In a surreal press conference marked by interruptions, phone malfunctions, and a marathon of rambling grievances, Green Party co-leader Elizabeth May insisted that her party had met the criteria to participate in the 2025 federal leaders’ debates. The problem? They clearly hadn’t.

“We met all the criteria,” May declared, visibly agitated, referencing a set of rules she herself helped propose years earlier. According to the Leaders’ Debates Commission, however, the Green Party endorsed only 232 candidates by the Elections Canada deadline—far short of the 309 required to meet the 90% threshold for debate participation.

This wasn’t a technicality. It was basic math.

The criteria were not secret, subjective, or subject to interpretation. The commission’s rules were public, specific, and clearly stated: a party must meet two of three criteria to be included. The Greens met only one: having sitting MPs. They failed to reach 4% in national polls and they failed to endorse candidates in at least 90% of ridings.

May, however, spent the better part of half an hour arguing that the party had met the threshold based on their intent to run 343 candidates. “We had a full slate nominated,” she claimed, while simultaneously blaming Elections Canada, the weather, seniors, volunteers, returning officers, and even the negative reception some candidates received on the doorsteps for the fact that over 75 Green candidates never actually made it to the ballot.

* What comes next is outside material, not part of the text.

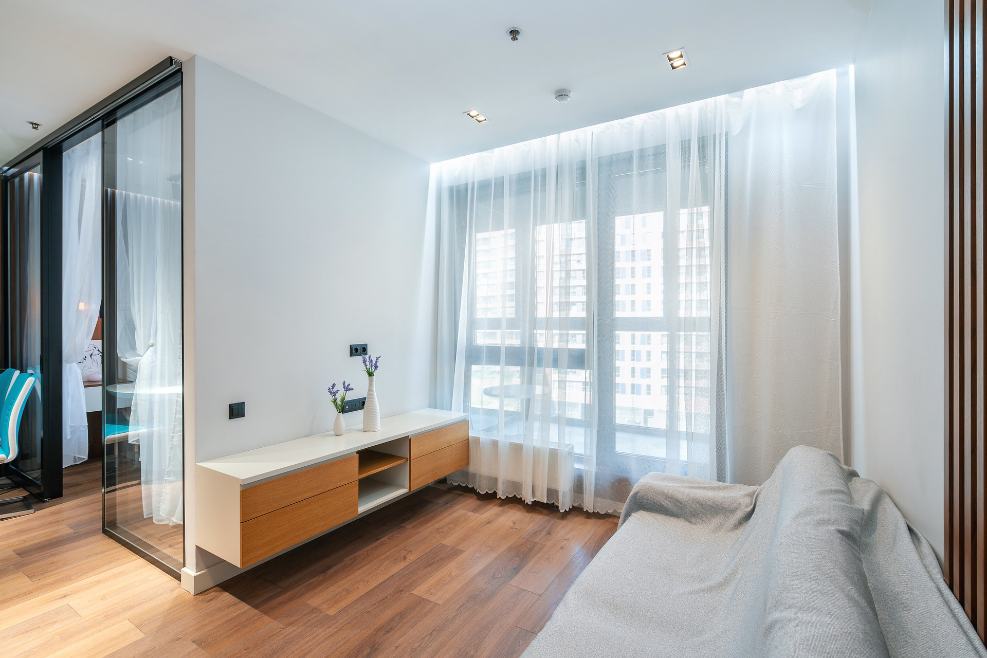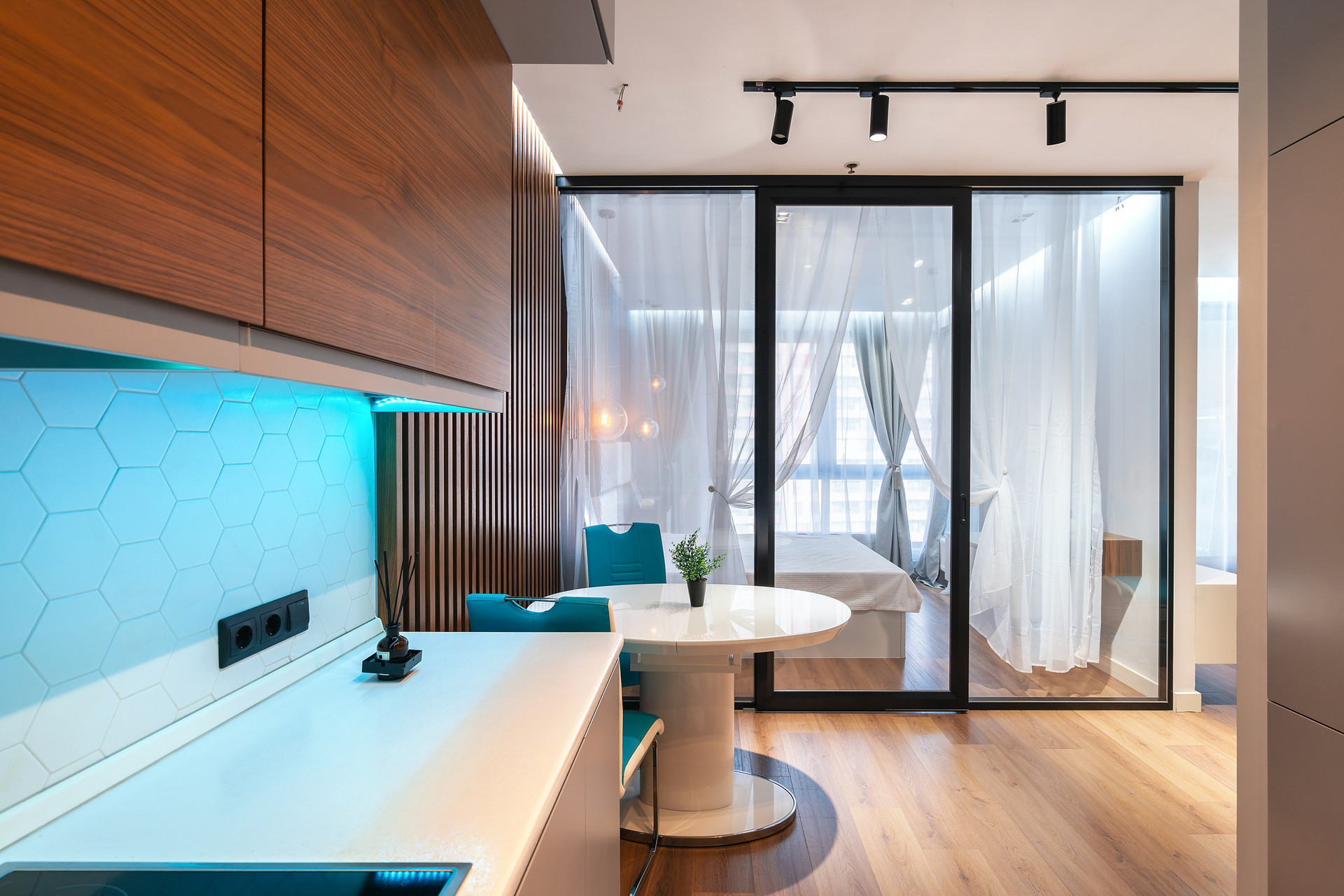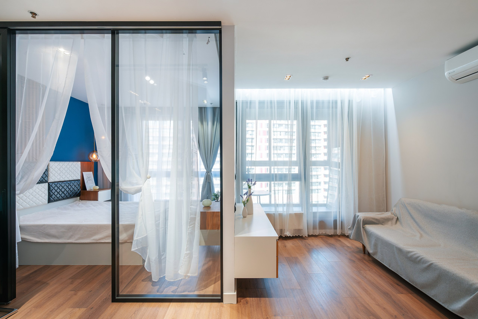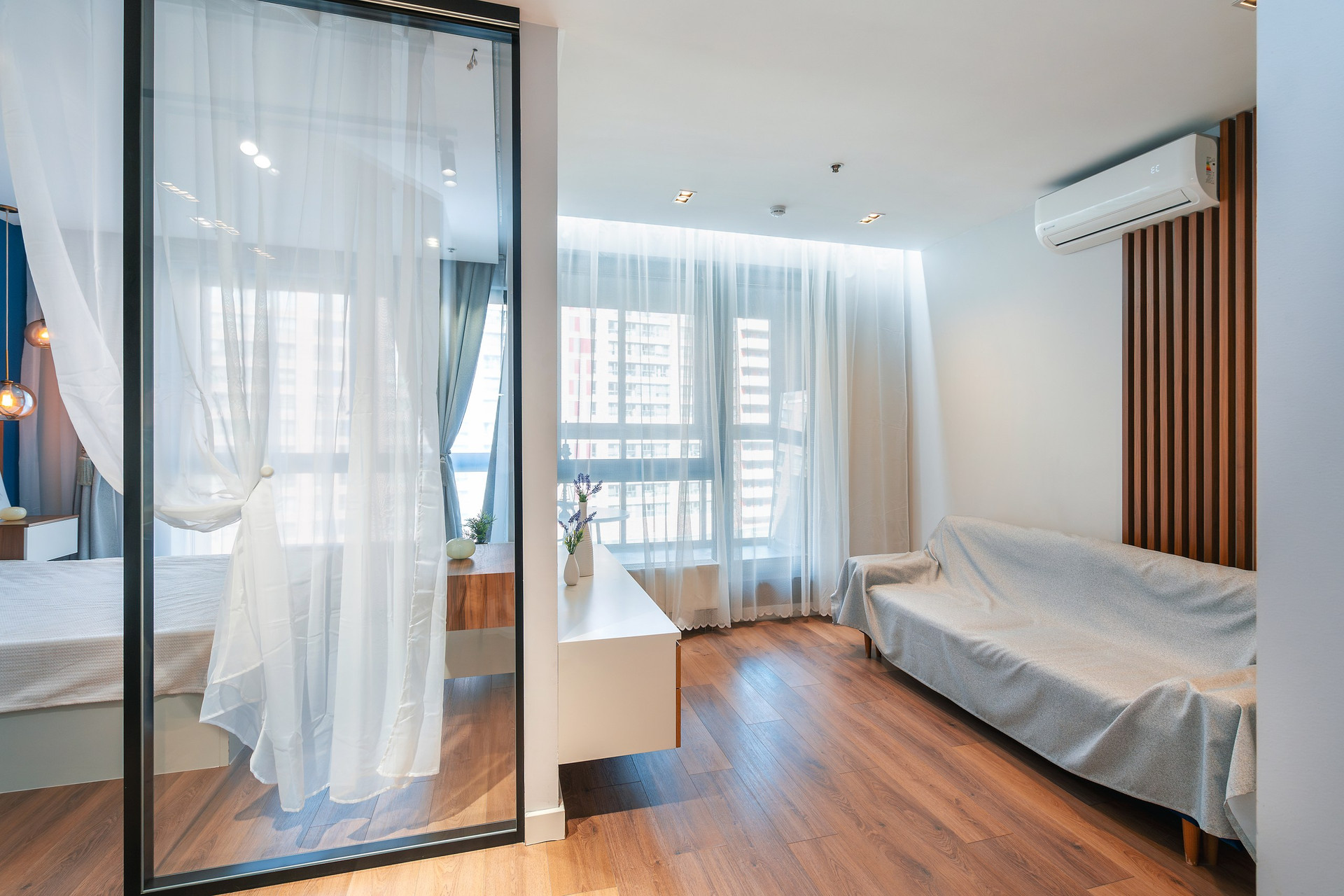 Апартаменты расположены на 6 этаже 15-этажного монолитного дома, построенного в 2017 году. Общая площадь составляет 46,8 кв.м. В апартаментах выполнен дизайнерский ремонт с использованием высококачественных материалов. Пространство апартаментов грамотно зонировано на кухонную, гостиную и спальную зоны.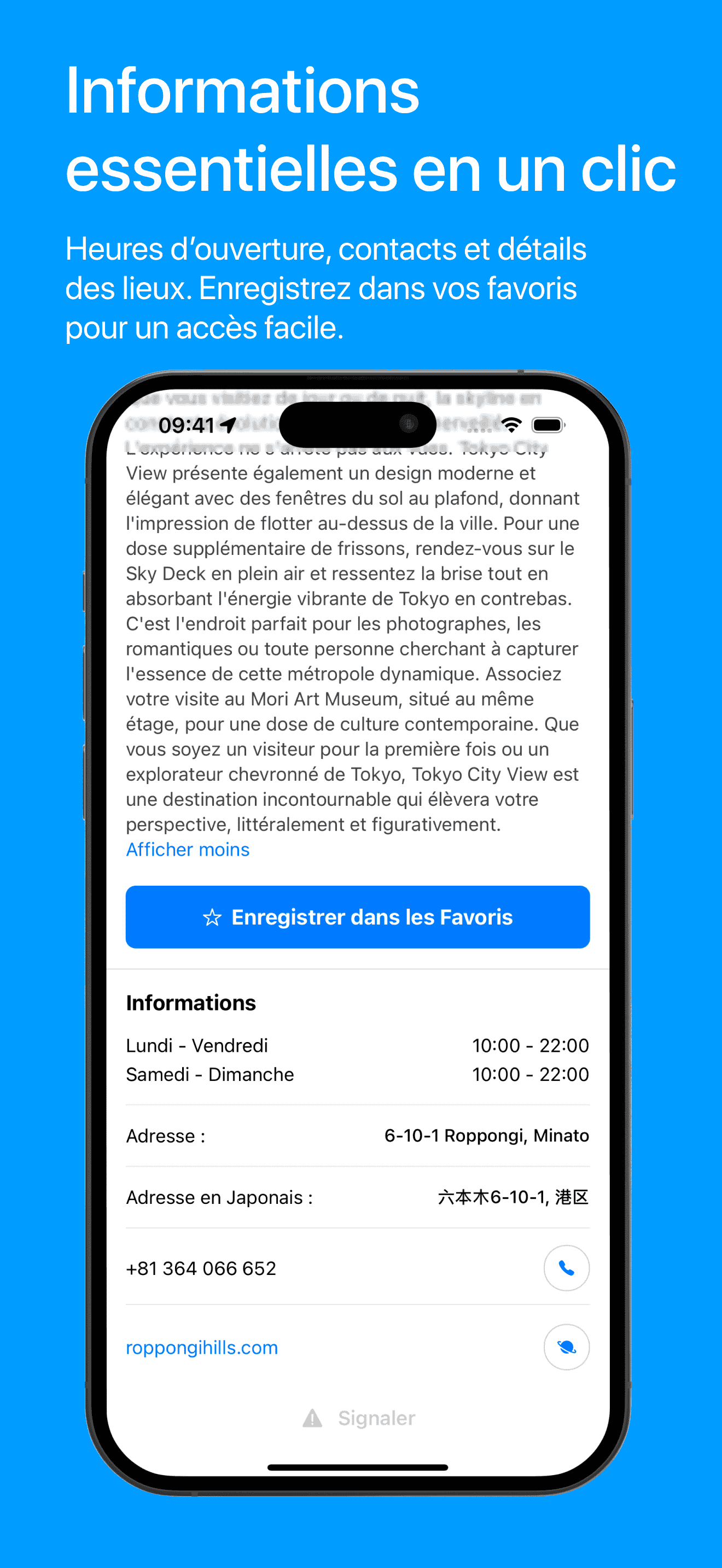- Informations détaillées : Obtenez les horaires, les coordonnées et des descriptions détaillées pour chaque lieu.

“We were given the rules. We abided by the rules,” she said, ignoring the most fundamental one they failed.

It is especially ironic considering that May herself has long lobbied for consistent and objective inclusion rules for debates. In a 2016 Policy Options article, she proposed nearly identical criteria to those adopted by the Debates Commission—including the very 90% candidate threshold she now insists shouldn’t apply.

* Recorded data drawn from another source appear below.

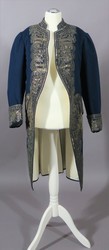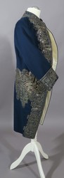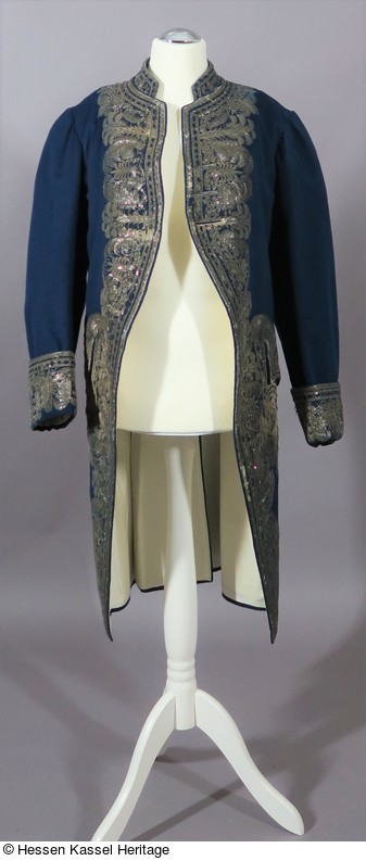 Diese Herrenjacke scheint nur auf den ersten Blick aus einem Stück zu bestehen. Bei genauerem Hinsehen ist zu erkennen, dass die üppige Silberstickerei, für die verschiedene Silberfäden, Bouillondrähte, gestanzte Flittern und Pailletten verwendet wurden, aus einem anderen, ebenfalls dunkelblauen Justeaucorps herausgeschnitten und auf dieses, neue Exemplar aufgenäht wurde. Inwieweit er dem alten Stück entsprach, ist nicht festzustellen. anhand des Zustandes der Stickerei kann aber gesagt werden, dass zumindest im Bereich des Kragens Veränderungen vorgenommen wurden.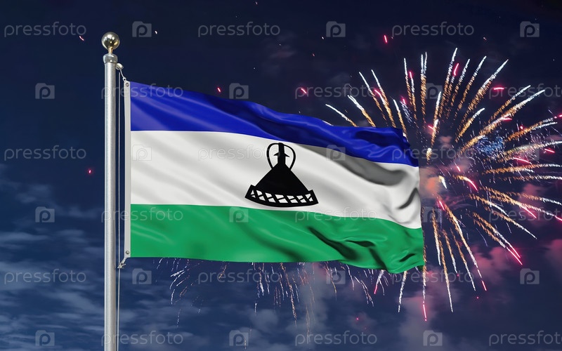 AI Generative Флаг национальной независимости Лесото, фейерверк на заднем плане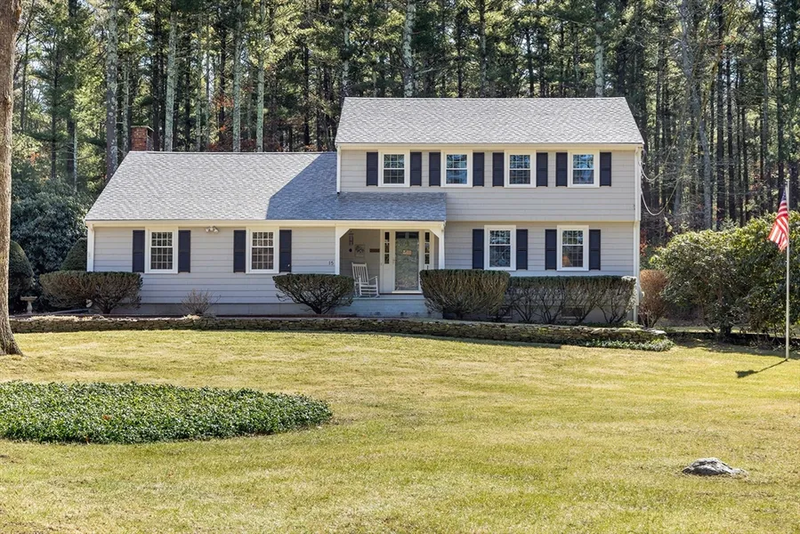 A private lane lined with beautiful rhododendrons is the entry for this classic 4-bedroom Garrison Colonial; it sits on nearly 2 acres that abut conservation land. The 1st floor offers a living room w/built-in cabinets & bookshelves plus an eat-in kitchen w/solid wood cabinets, glass top range, dishwasher & coffee bar; there is an adjacent room that's perfect for a remote office or study. Everyone will enjoy the casual lifestyle w/the open floor plan; a spacious dining room which can seat 12 for dinner next to a cozy fireplace and opening to a lovely sunroom w/cathedral ceiling and wall-to-wall windows looking out to the backyard! On the 2nd floor there is a main bedroom w/dbl closet and 3 add'l bedrooms with great closet space & wood flooring - plus an updated full bath. There is room for expansion in the walk-in attic space above the garage & a large basement for a workspace. Special features include an attached 2 car garage, AC, newer windows & wood floors thru most of the home.

The contradiction was stunning. At one point, she invoked the 2008 debates, where she was initially excluded before public outcry reversed the decision. But that year, the Greens actually met the nomination threshold. In 2025, they did not.

What was perhaps most striking, however, was how incoherent and meandering May’s press conference became. She jumped between topics, from her personal history with debate exclusion to unrelated anecdotes about signature collection and alleged threats to volunteers. The core issue—why the party failed to nominate the required number of candidates—was never addressed clearly or credibly.

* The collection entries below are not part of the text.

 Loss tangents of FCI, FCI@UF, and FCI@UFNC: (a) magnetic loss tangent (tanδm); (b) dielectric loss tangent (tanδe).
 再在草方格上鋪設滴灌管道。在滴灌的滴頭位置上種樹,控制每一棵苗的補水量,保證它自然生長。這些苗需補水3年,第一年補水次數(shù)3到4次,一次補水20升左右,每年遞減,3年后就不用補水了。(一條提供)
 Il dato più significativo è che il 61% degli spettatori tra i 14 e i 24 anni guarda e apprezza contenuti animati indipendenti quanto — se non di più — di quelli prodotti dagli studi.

At a time when Canadians are expecting clarity, competence, and integrity from their political leaders, this performance offered none of the above. The rules were simple. The numbers didn’t lie. And on a matter so clear cut, the public will see right through it.

If the Green Party wants to be taken seriously as a national political force, it must at least be willing to accept the consequences of its own organizational failures—not rewrite the rulebook after the buzzer.